Cependant cette vie si régulière et si ouverte de Mauguet, ne se prêtait guère aux allures tortueuses de la passion illicite. La plus simple démarche en dehors des habitudes établies, pouvait être remarquée et faire naître le soupçon. Tous les yeux s’ouvraient sur les actes de la pauvre vicomtesse ; non par méfiance injurieuse, mais naturellement par cette sorte de curiosité qui s’attache aux Parisiens transplantés en province. Sans qu’on s’en rendit compte, on avait toujours considéré madame de Mauguet comme une étrangère, ou, pour mieux dire, comme une greffe entée sur le tronc d’un vieil arbre. On remarquait en elle des goûts inconnus jusqu’alors dans le pays, et on lui supposait des intérêts séparés de ceux de sa nouvelle famille ; peut-être aussi n’avait-elle pas cherché à se concilier les cœurs et à rentrer dans le moule coûlé pour elle par des esprits rigides et prévenus. Enfin, qu’elle l’eût mérité ou non, elle trouvait dans son entourage des dispositions analogues à celles qui accueillirent Marie-Antoinette à la cour de France.

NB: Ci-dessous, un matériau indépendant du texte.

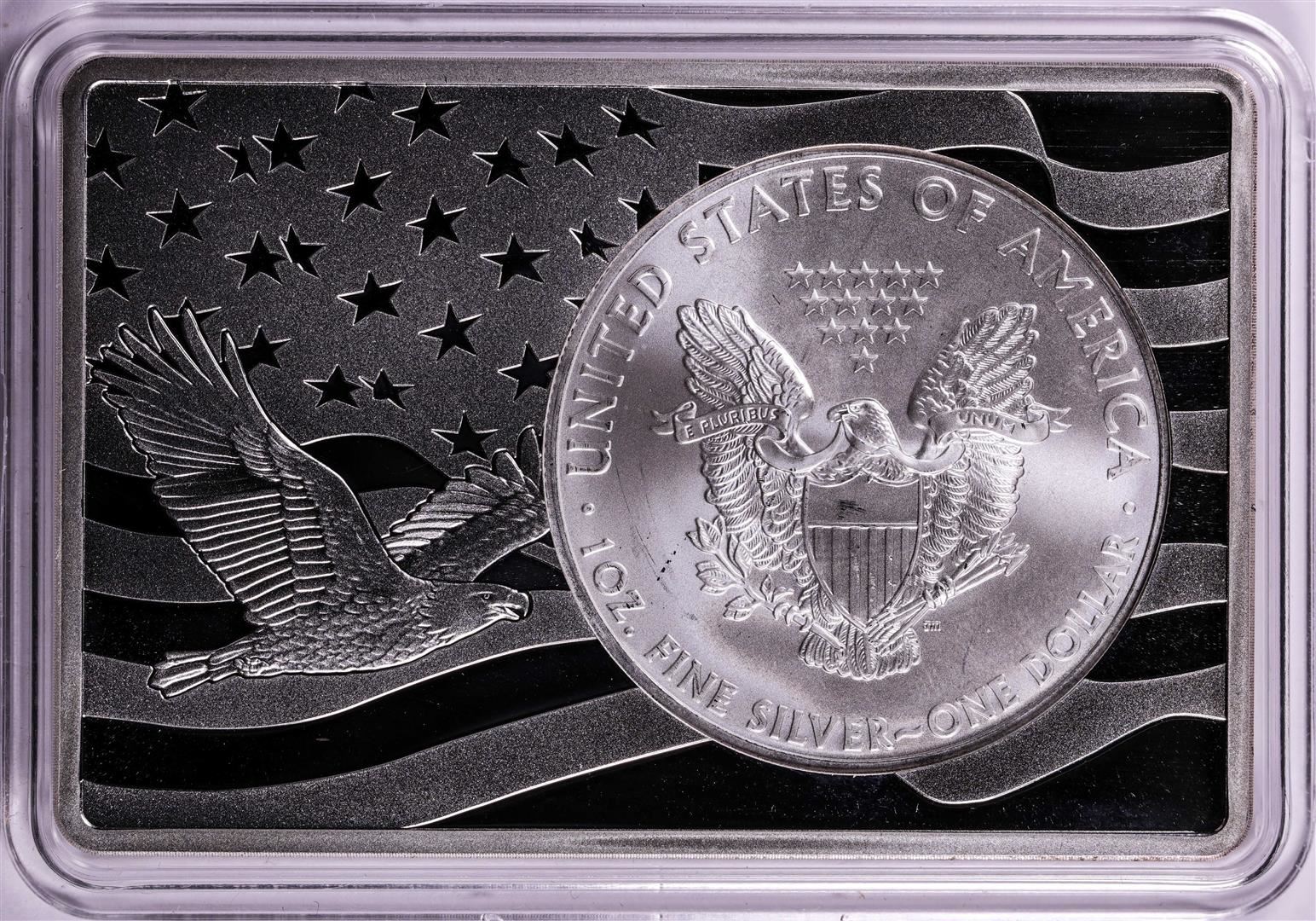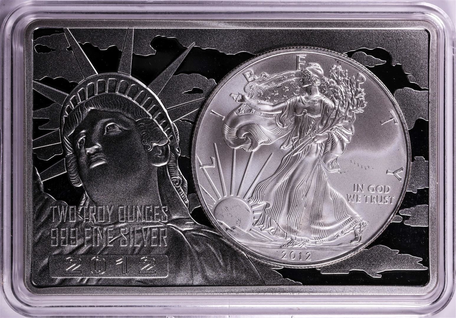 One 2012 $1 American Silver Eagle Coin & 2oz Silver Bar Set.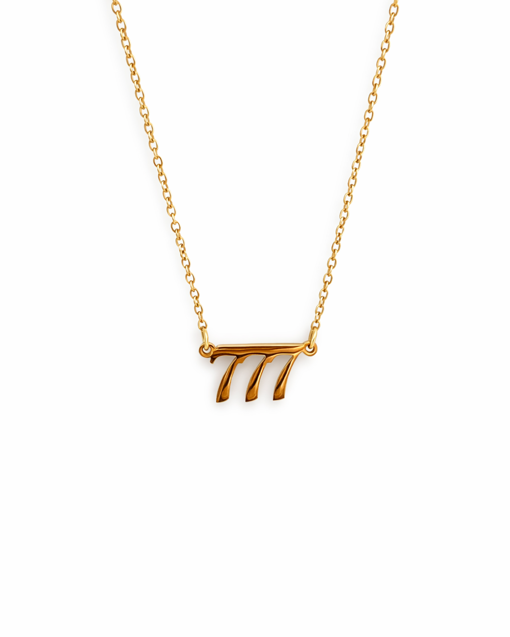 Vode a potu odolný náhrdelník vyrobený z nehrdzavejúcej ocele a pozlátený 18k zlatom. Náhrdelník je z našej kolekcie anjelských čísiel. Anjelské číslo 777 znamená, že má z vás vesmír radosť. Načúvajte vedeniu zhora.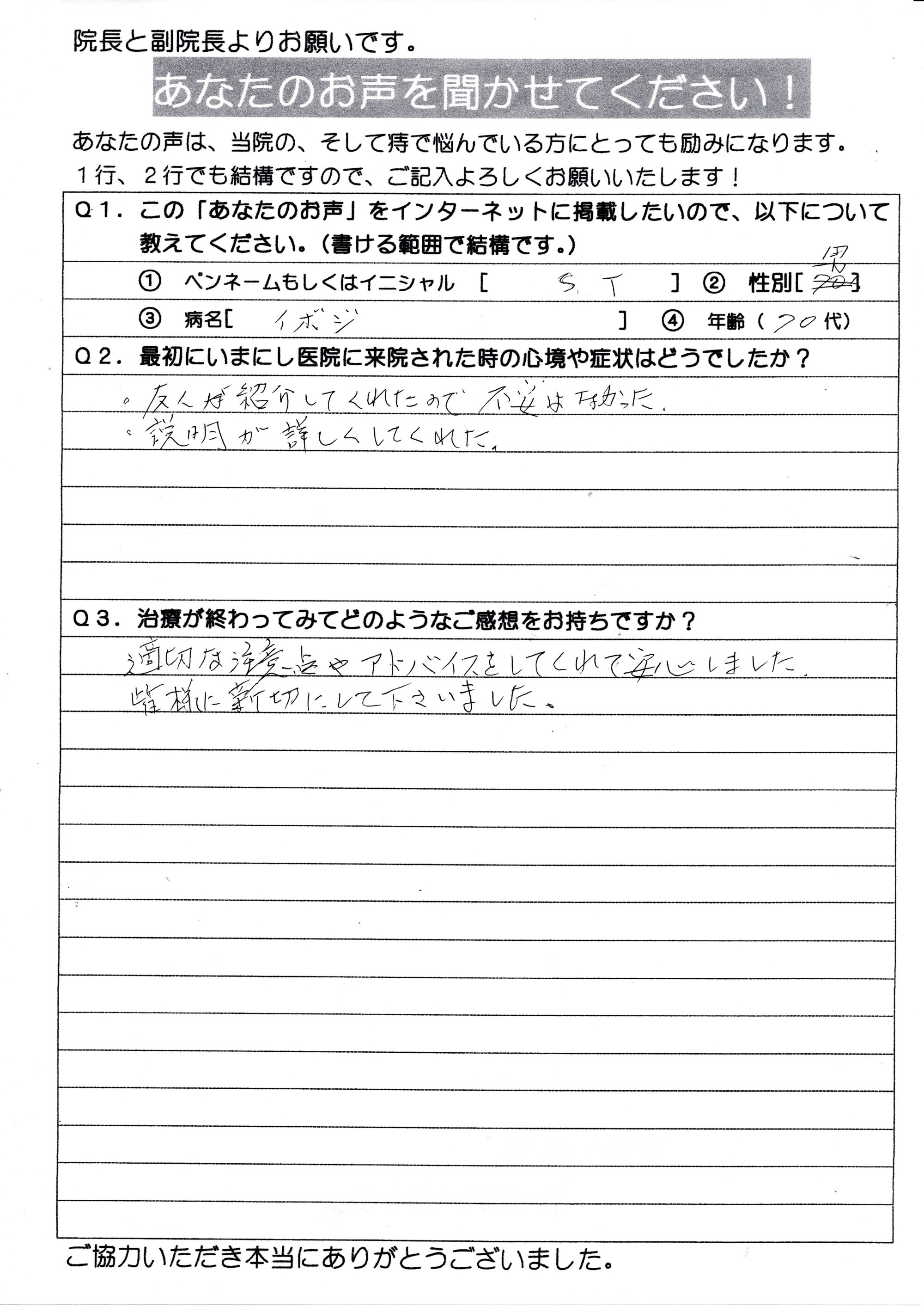 発症以来30年を経ていたため、今更と思いつつもいまにし医院の存在を知り逡巡を繰り返した挙句、その痛みに耐えられず訪院しました。痔疾の患者の多さに、待合室の混雑で知るところと成り、その事に依りむしろ他にも同じ悩みを持つ人の多さに安心感と先生への信頼感を持ちました。診療に入っても、その感情に変化は無く、全幅の信頼のもと完治にまで至りました。尚、私は16年を経て痔核の再発をみて、此度受診しました。先生よりジオン注治療の方法等の説明を受け、充分に了解納得のもと施術を受けました。

L’admiration et l’amour qui s’étaient attachés à Jeanne, nuisaient aussi à sa jeune nièce. L’esprit humain est ainsi fait ; on ne se demandait pas si la vicomtesse avait été à même de montrer du courage et du dévouement, on se disait seulement qu’elle n’était bonne à rien, ni aux soins du ménage, ni à la fortune de sa maison, ni à l’éducation de son fils.